• [Activity]:
Your reply is to be the lines below, exactly as written, with images omitted.

Segment Start: Data provided

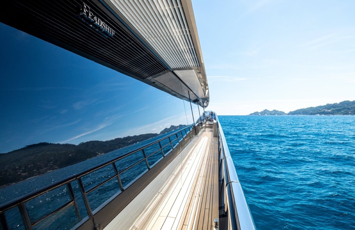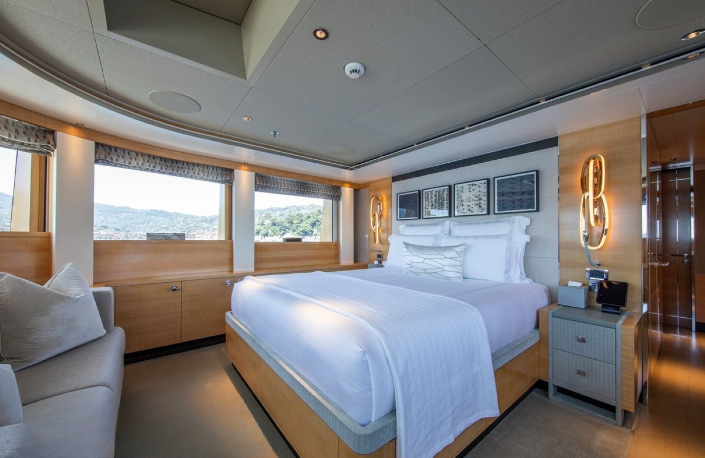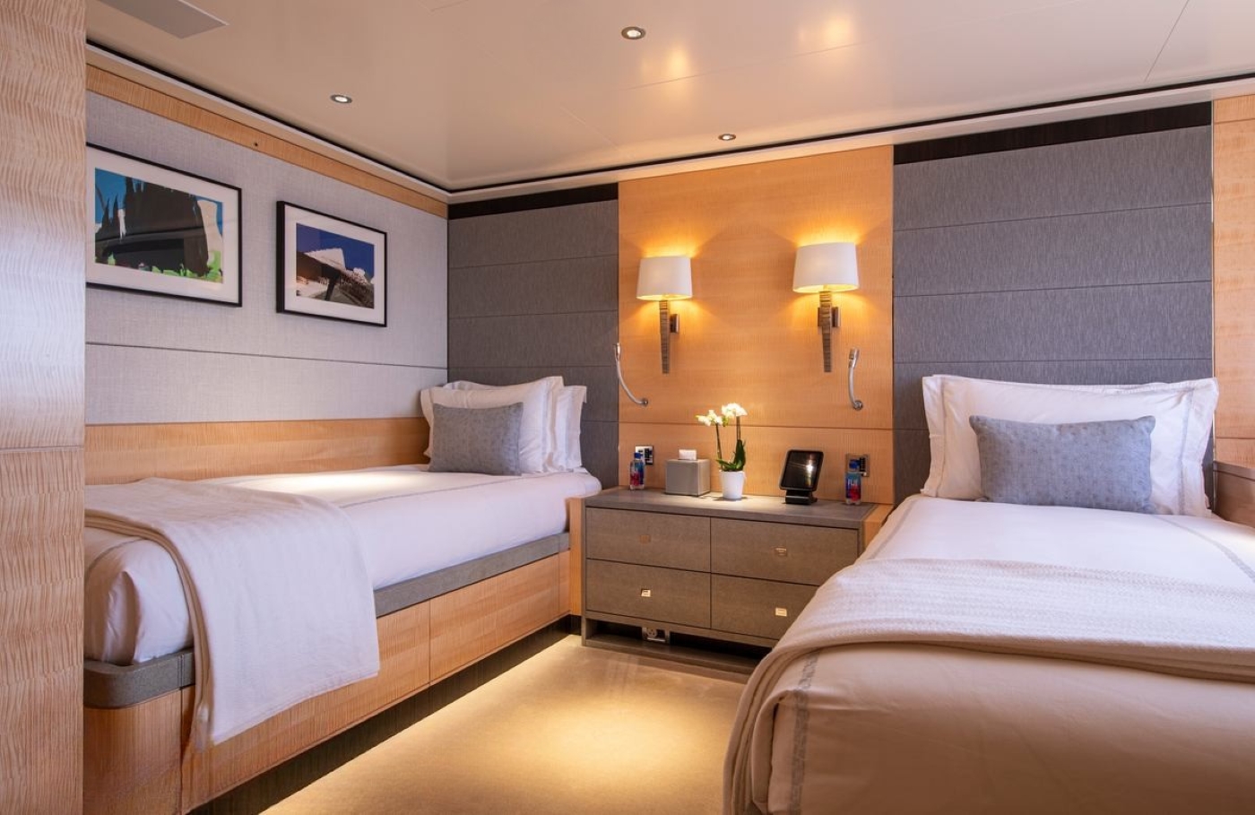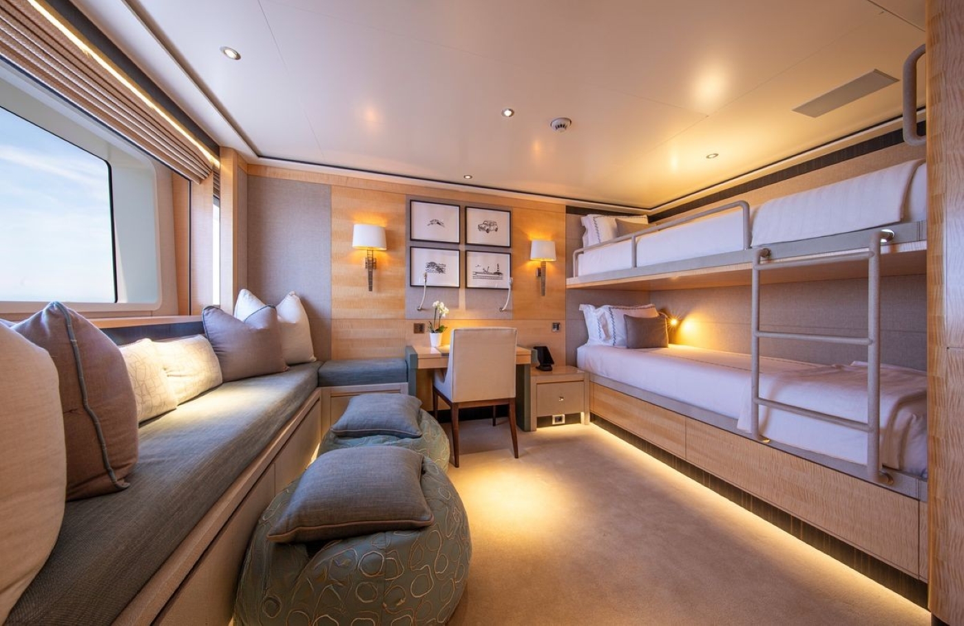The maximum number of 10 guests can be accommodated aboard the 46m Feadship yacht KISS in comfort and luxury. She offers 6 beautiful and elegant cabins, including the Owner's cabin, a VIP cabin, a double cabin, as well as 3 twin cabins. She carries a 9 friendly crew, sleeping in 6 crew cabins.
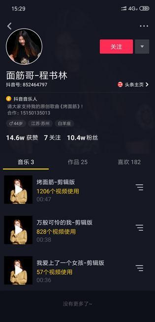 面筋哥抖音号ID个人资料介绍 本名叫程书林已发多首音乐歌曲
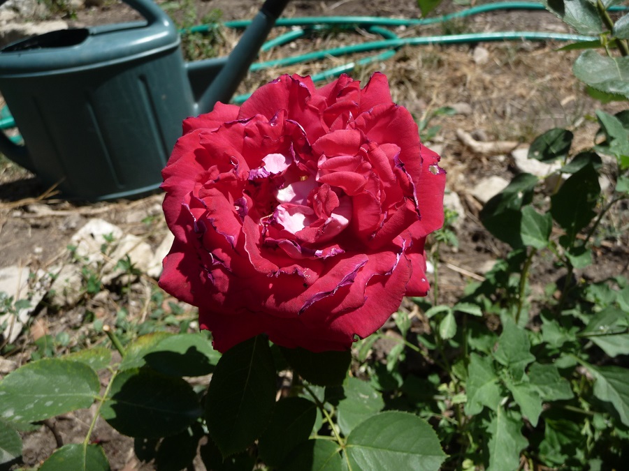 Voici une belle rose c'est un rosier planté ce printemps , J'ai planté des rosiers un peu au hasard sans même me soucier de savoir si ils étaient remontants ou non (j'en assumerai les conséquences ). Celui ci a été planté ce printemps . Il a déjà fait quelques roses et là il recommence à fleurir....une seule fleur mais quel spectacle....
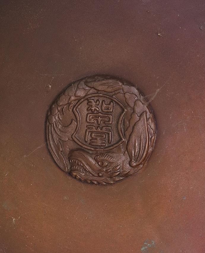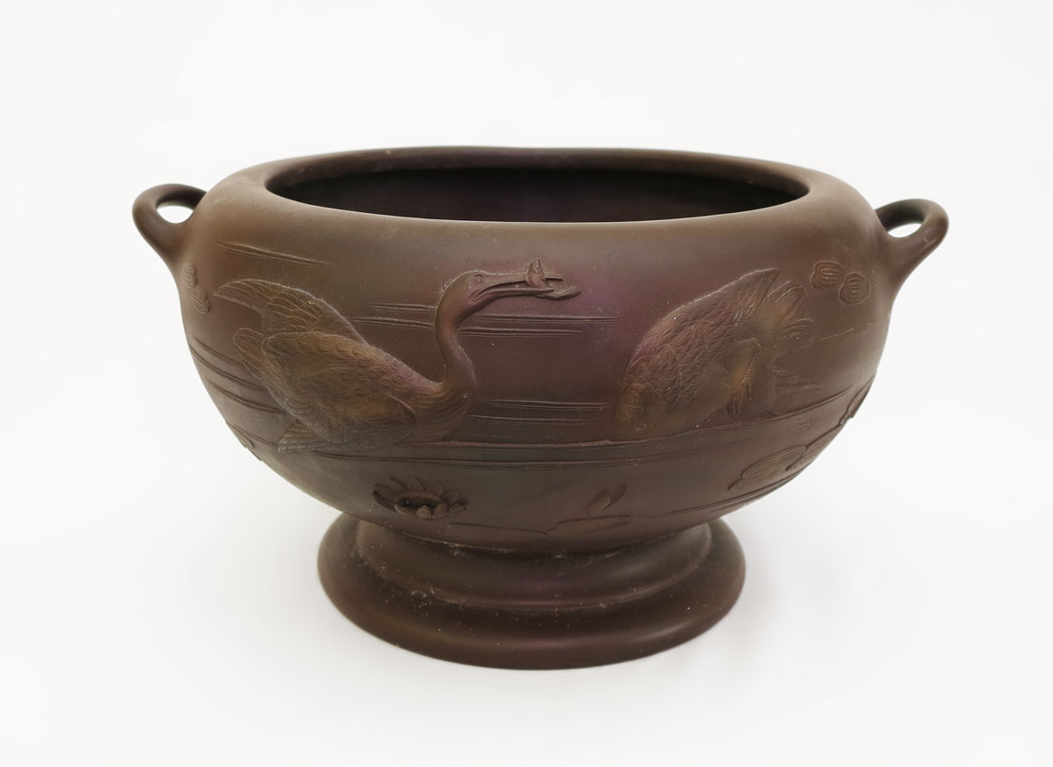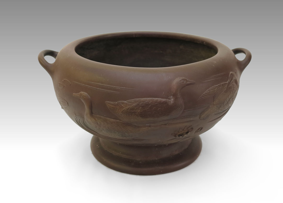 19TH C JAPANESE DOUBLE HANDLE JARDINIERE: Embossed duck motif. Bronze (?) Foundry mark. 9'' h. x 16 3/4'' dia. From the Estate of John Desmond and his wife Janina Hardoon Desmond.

Segment End: Data provided

• [Problem solution]:
The maximum number of 10 guests can be accommodated aboard the 46m Feadship yacht KISS in comfort and luxury. She offers 6 beautiful and elegant cabins, including the Owner's cabin, a VIP cabin, a double cabin, as well as 3 twin cabins. She carries a 9 friendly crew, sleeping in 6 crew cabins.
 面筋哥抖音号ID个人资料介绍 本名叫程书林已发多首音乐歌曲
 Voici une belle rose c'est un rosier planté ce printemps , J'ai planté des rosiers un peu au hasard sans même me soucier de savoir si ils étaient remontants ou non (j'en assumerai les conséquences ). Celui ci a été planté ce printemps . Il a déjà fait quelques roses et là il recommence à fleurir....une seule fleur mais quel spectacle....
 19TH C JAPANESE DOUBLE HANDLE JARDINIERE: Embossed duck motif. Bronze (?) Foundry mark. 9'' h. x 16 3/4'' dia. From the Estate of John Desmond and his wife Janina Hardoon Desmond.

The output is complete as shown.